[WHAT THE TASK ASKS]: The entries below must be retyped exactly. Pictures are to be omitted.

[DATA FOR REVIEW]:

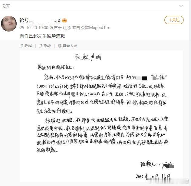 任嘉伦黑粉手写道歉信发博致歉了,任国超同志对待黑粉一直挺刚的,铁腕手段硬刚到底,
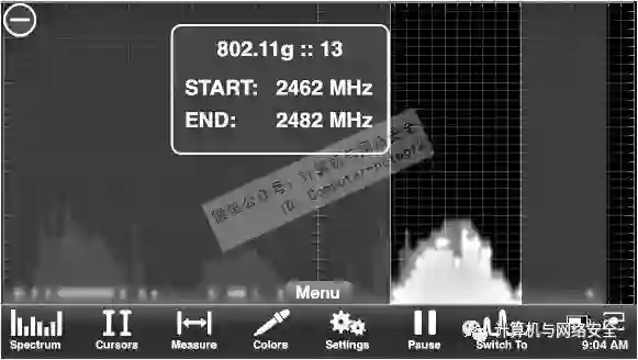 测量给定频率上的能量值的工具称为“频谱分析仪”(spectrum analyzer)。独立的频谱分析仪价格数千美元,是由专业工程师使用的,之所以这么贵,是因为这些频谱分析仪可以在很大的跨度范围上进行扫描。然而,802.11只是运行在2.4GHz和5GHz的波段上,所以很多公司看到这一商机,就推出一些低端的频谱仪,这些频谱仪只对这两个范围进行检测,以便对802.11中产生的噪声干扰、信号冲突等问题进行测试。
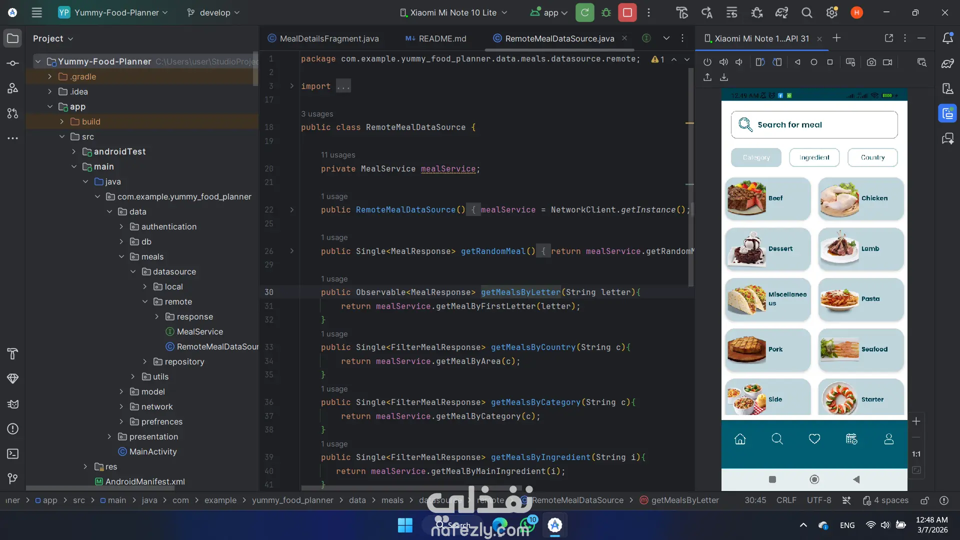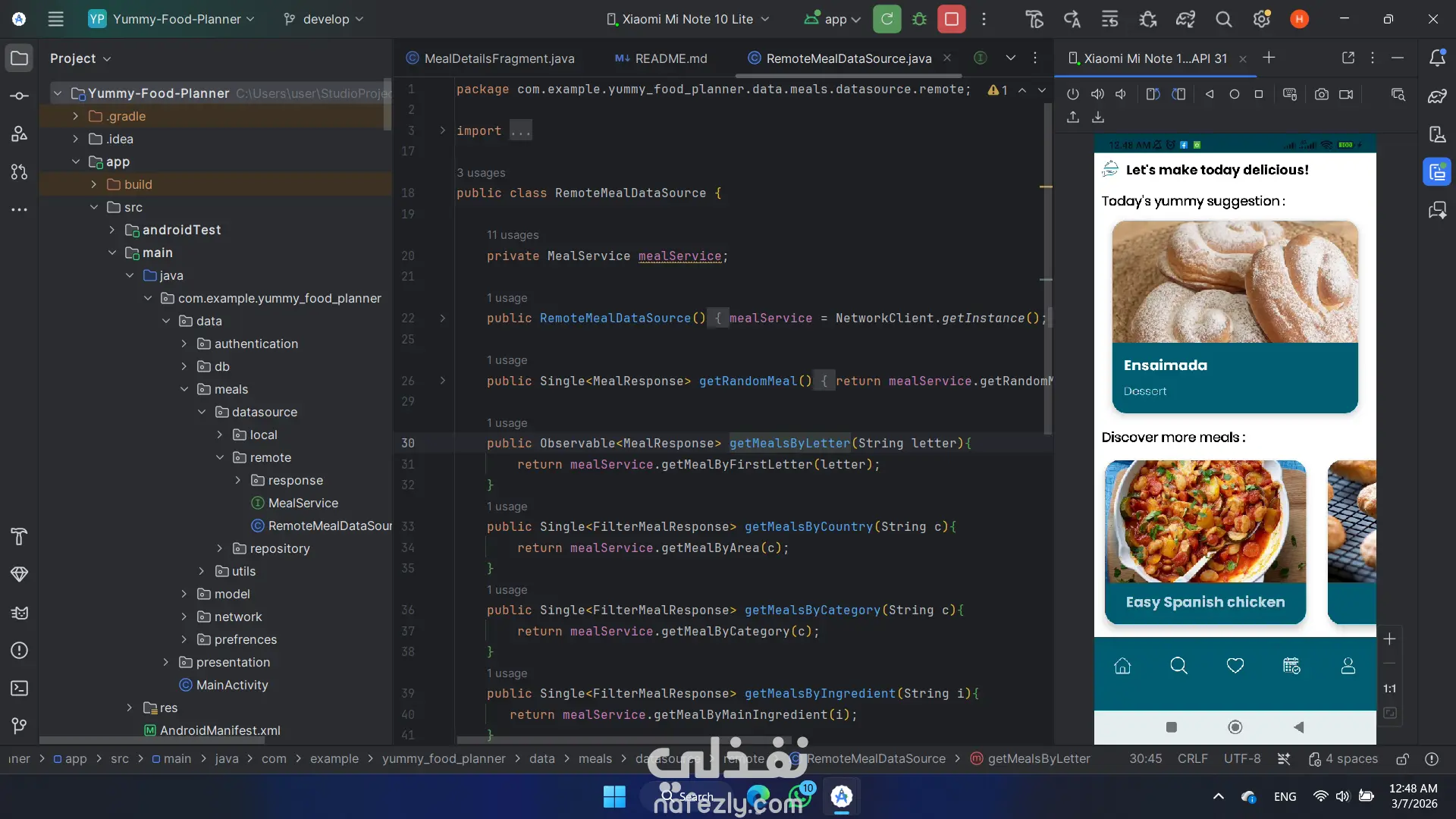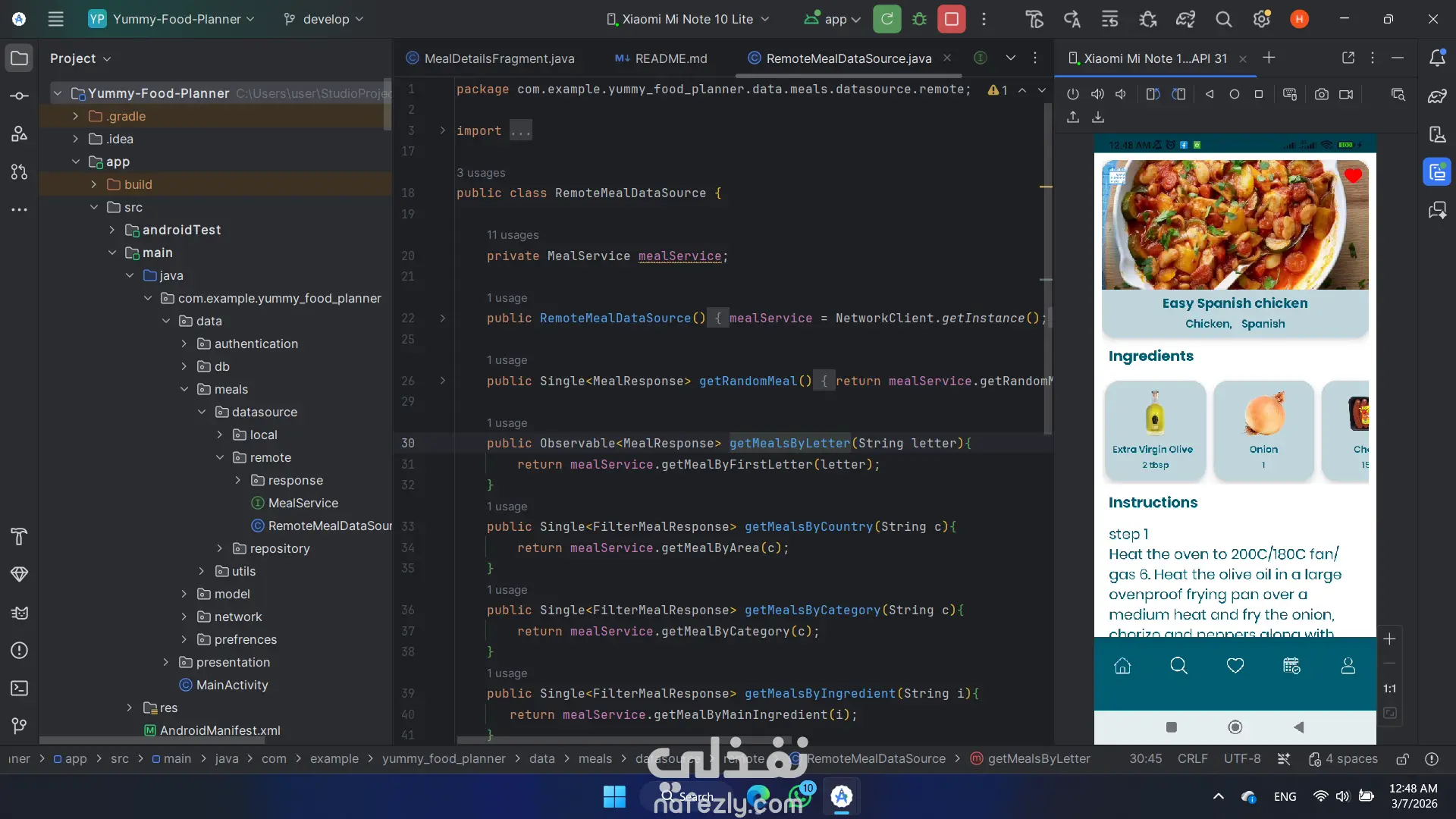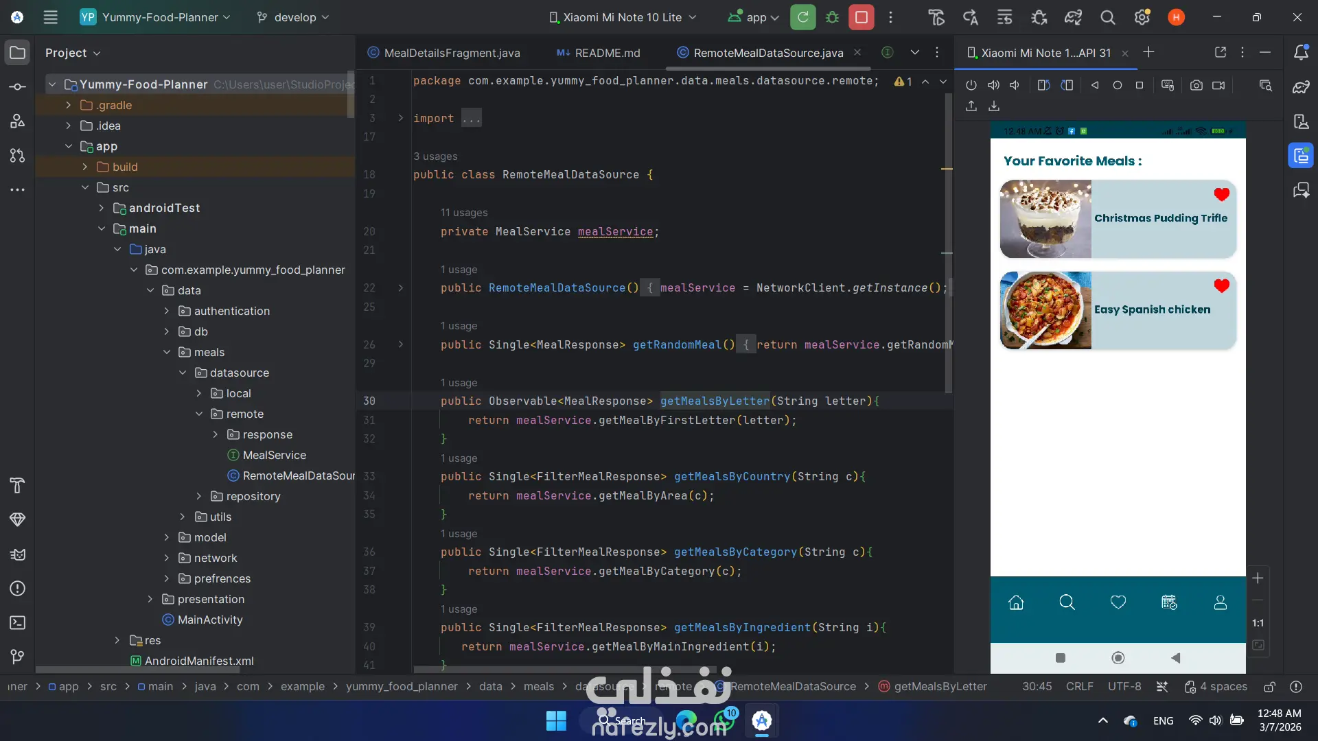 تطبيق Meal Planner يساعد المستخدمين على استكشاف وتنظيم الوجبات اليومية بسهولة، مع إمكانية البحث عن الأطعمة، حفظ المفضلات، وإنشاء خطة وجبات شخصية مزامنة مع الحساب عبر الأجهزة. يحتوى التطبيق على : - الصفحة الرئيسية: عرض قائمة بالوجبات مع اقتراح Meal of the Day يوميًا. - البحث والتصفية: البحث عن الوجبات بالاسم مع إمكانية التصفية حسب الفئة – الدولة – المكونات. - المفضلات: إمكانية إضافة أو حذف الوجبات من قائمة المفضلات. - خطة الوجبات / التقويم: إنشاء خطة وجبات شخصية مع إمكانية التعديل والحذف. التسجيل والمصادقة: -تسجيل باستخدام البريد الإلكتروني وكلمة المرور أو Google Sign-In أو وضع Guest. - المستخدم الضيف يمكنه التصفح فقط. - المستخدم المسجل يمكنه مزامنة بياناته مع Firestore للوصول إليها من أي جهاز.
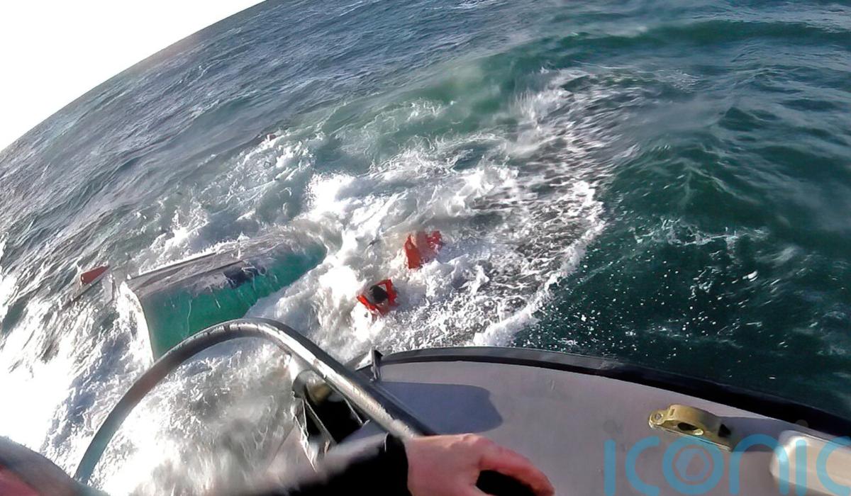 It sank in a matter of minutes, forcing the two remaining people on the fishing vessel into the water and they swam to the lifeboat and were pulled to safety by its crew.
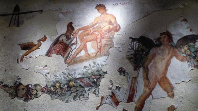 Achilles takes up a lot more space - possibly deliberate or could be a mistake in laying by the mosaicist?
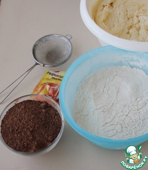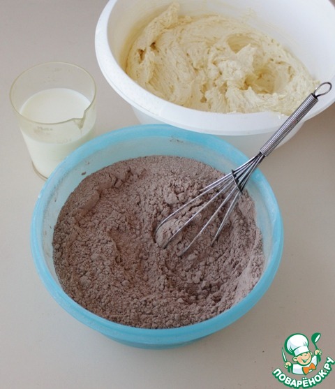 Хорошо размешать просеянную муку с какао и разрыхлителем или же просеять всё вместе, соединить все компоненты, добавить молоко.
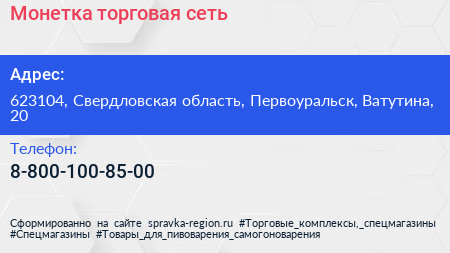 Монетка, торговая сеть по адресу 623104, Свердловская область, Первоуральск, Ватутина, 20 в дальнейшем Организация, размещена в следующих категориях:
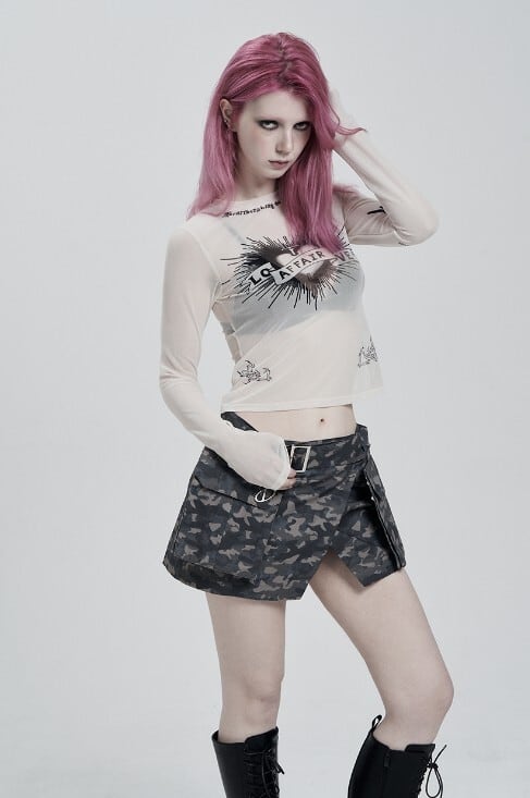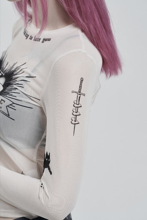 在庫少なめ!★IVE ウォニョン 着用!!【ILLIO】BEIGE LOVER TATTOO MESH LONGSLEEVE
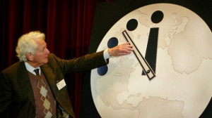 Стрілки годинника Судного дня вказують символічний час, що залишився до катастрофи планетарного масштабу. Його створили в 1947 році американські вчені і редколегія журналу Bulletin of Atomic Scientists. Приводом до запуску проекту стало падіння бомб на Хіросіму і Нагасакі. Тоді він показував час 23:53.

[RESULT OF THE EXERCISE]:
 任嘉伦黑粉手写道歉信发博致歉了,任国超同志对待黑粉一直挺刚的,铁腕手段硬刚到底,
 测量给定频率上的能量值的工具称为“频谱分析仪”(spectrum analyzer)。独立的频谱分析仪价格数千美元,是由专业工程师使用的,之所以这么贵,是因为这些频谱分析仪可以在很大的跨度范围上进行扫描。然而,802.11只是运行在2.4GHz和5GHz的波段上,所以很多公司看到这一商机,就推出一些低端的频谱仪,这些频谱仪只对这两个范围进行检测,以便对802.11中产生的噪声干扰、信号冲突等问题进行测试。
 تطبيق Meal Planner يساعد المستخدمين على استكشاف وتنظيم الوجبات اليومية بسهولة، مع إمكانية البحث عن الأطعمة، حفظ المفضلات، وإنشاء خطة وجبات شخصية مزامنة مع الحساب عبر الأجهزة. يحتوى التطبيق على : - الصفحة الرئيسية: عرض قائمة بالوجبات مع اقتراح Meal of the Day يوميًا. - البحث والتصفية: البحث عن الوجبات بالاسم مع إمكانية التصفية حسب الفئة – الدولة – المكونات. - المفضلات: إمكانية إضافة أو حذف الوجبات من قائمة المفضلات. - خطة الوجبات / التقويم: إنشاء خطة وجبات شخصية مع إمكانية التعديل والحذف. التسجيل والمصادقة: -تسجيل باستخدام البريد الإلكتروني وكلمة المرور أو Google Sign-In أو وضع Guest. - المستخدم الضيف يمكنه التصفح فقط. - المستخدم المسجل يمكنه مزامنة بياناته مع Firestore للوصول إليها من أي جهاز.
 It sank in a matter of minutes, forcing the two remaining people on the fishing vessel into the water and they swam to the lifeboat and were pulled to safety by its crew.
 Achilles takes up a lot more space - possibly deliberate or could be a mistake in laying by the mosaicist?
 Хорошо размешать просеянную муку с какао и разрыхлителем или же просеять всё вместе, соединить все компоненты, добавить молоко.
 Монетка, торговая сеть по адресу 623104, Свердловская область, Первоуральск, Ватутина, 20 в дальнейшем Организация, размещена в следующих категориях:
 在庫少なめ!★IVE ウォニョン 着用!!【ILLIO】BEIGE LOVER TATTOO MESH LONGSLEEVE
 Стрілки годинника Судного дня вказують символічний час, що залишився до катастрофи планетарного масштабу. Його створили в 1947 році американські вчені і редколегія журналу Bulletin of Atomic Scientists. Приводом до запуску проекту стало падіння бомб на Хіросіму і Нагасакі. Тоді він показував час 23:53.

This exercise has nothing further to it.